Streit um Kündigung vor dem Landgericht

Kurzerhand kündigte Riegele den Vertrag aus dem Jahr 1974. Man zweifele ohnehin an, dass dieser noch Wirkung entfalten könne. Schließlich sei er vor rund 50 Jahren mit Paulaner-Salvator-Thomasbräu geschlossen worden. Die heutige Paulaner-Brauerei-Gruppe sei gar nicht die gültige Rechtsnachfolgerin. Man bot an, einen neuen Lizenzvertrag zu schließen, jetzt allerdings über 4,5 – 5 Millionen Euro pro Jahr. Die Paulaner-Brauerei-Gruppe wollte dies – verständlicherweise – nicht auf sich sitzen lassen und erhob Feststellungsklage vor dem Landgericht München.

In dieser Klage wollte Paulaner vom Gericht bestätigt wissen, dass die Vereinbarung aus dem Jahr 1974 fortbestehe, aus der sich die Berechtigung zur Nutzung der Bezeichnung „PAULANER Spezi“ ergebe. Riegele hielt hier widerklagend mit markenrechtlichen Ansprüchen auf Unterlassung, Auskunft und Schadensersatz gegen.

Gericht sieht keinen Lizenzvertrag

Einen vorläufigen Sieg errang Paulaner vorgestern vor dem Landgericht München I, welches der klagenden Brauerei vollständig Recht gab.

Maßgeblich war für das Gericht vor allem, dass die Vereinbarung nicht als Lizenzvertrag, sondern als „Koexistenz- und Abgrenzungsvereinbarung“ auszulegen sei. Ein Hinweis hierauf sei, dass die Überschrift „Lizenzvertrag“ durchgestrichen und durch „Vereinbarung“ ersetzt worden. Außerdem hätten die Parteien damals die bestehenden Streitigkeiten endgültig beilegen wollen. Im Vertrauen auf diese Endgültigkeit hätte Paulaner dann erheblich in den Aufbau der Marke investiert.

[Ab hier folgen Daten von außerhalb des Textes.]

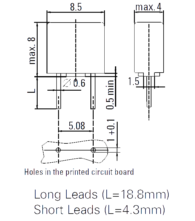 260oC, 10 sec. (IEC 60068-2-20) 350oC, ≤ 3 sec. (Soldering iron)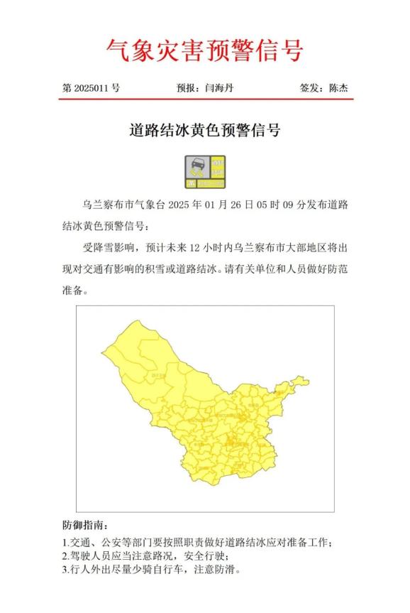 乌兰察布市气象台2025年1月26日5时9分发布道路结冰黄色预警信号:受降雪影响,预计未来12小时内乌兰察布市大部地区将出现对交通有影响的积雪或道路结冰。请有关单位和人员做好防范准备。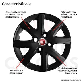 Calota em Plástico de Alta resistência, Fabricado pela Grid Calotas com os mesmos padrões e exigências da montadora. Com logotipo incluso. SERVE: Fiat Palio - todos Fiat Uno - todos Fiat Siena - todos Fiat Fiorino - exceto nova fiorino Fiat 147 - todos Fiat Elba - todos Fiat Oggi - todos Fiat Panorama - todos Fiat Prêmio - todos CARACTERÍSTICAS: - Fabricado em Plástico Resistente - Com dupla camada de verniz - Resistente a água e calor - Feito de acordo com os padrões da montadora - Fixação: por Parafusos - Furação: 4x100 - Cubo: Baixo - Cor: Preto Fosco - Referência: 160cb - Marca: Grid Calotas ITENS INCLUSOS: - Um 1 Kit com Quatro 4 Calotas com Emblema Incluso. DIMENSÕES Unitário - Diâmetro: 39 cm - Altura: 4 cm INSTALAÇÃO A instalação é feita de forma simples, podendo ser feita por você mesmo. Não necessita retirar todos os parafusos. de 30 dias para defeitos de fabricação. Marca: Não Informado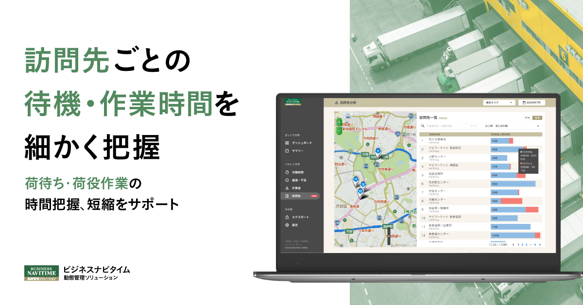 『ビジネスナビタイム 動態管理ソリューション』、労働状況可視化ツールに「訪問先分析」機能を追加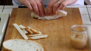 - Mit einem Stück Weißbrot schneiden wir die Ränder ab.

Anders als ein Lizenzvertrag, der grundsätzlich ordentlich kündbar ist, könne Riegele eine solche Koexistenz- und Abgrenzungsvereinbarung nicht einfach kündigen. Schließlich lasse sich die Schutzdauer eingetragener Markenrechte durch einfache Gebührenzahlung unbegrenzt verlängern. Genauso unbegrenzt bestehe dann das Bedürfnis nach einer Abgrenzung der Benutzungsbefugnisse für verwechslungsfähige Zeichen.

Reue ist kein wichtiger Kündigungsgrund

Auch einen Anlass für eine außerordentliche Kündigung sah die auf Marken- und Wettbewerbsrechtspezialisierte Kammer nicht. Paulaner habe sich stets vertragstreu verhalten und die vertragliche Vereinbarung unbestritten eingehalten. Auch erkannte die Kammer die Paulaner-Brauerei- Gruppe als Rechtsnachfolgerin an.

Dass Riegele die Vereinbarung heute bereue und den nachvollziehbaren Wunsch hätte, am „beachtlichen wirtschaftlichen Erfolg“ der Konkurrenz zu profitieren, stellt aus Sicht des Gerichts jedoch keinen wichtigen Grund im Rechtssinne dar.

Bislang ist das Urteil noch nicht rechtskräftig. Sollte Riegele sich nicht geschlagen geben wollen, dürften sich die Konkurrenten vor dem Oberlandesgericht wiedersehen.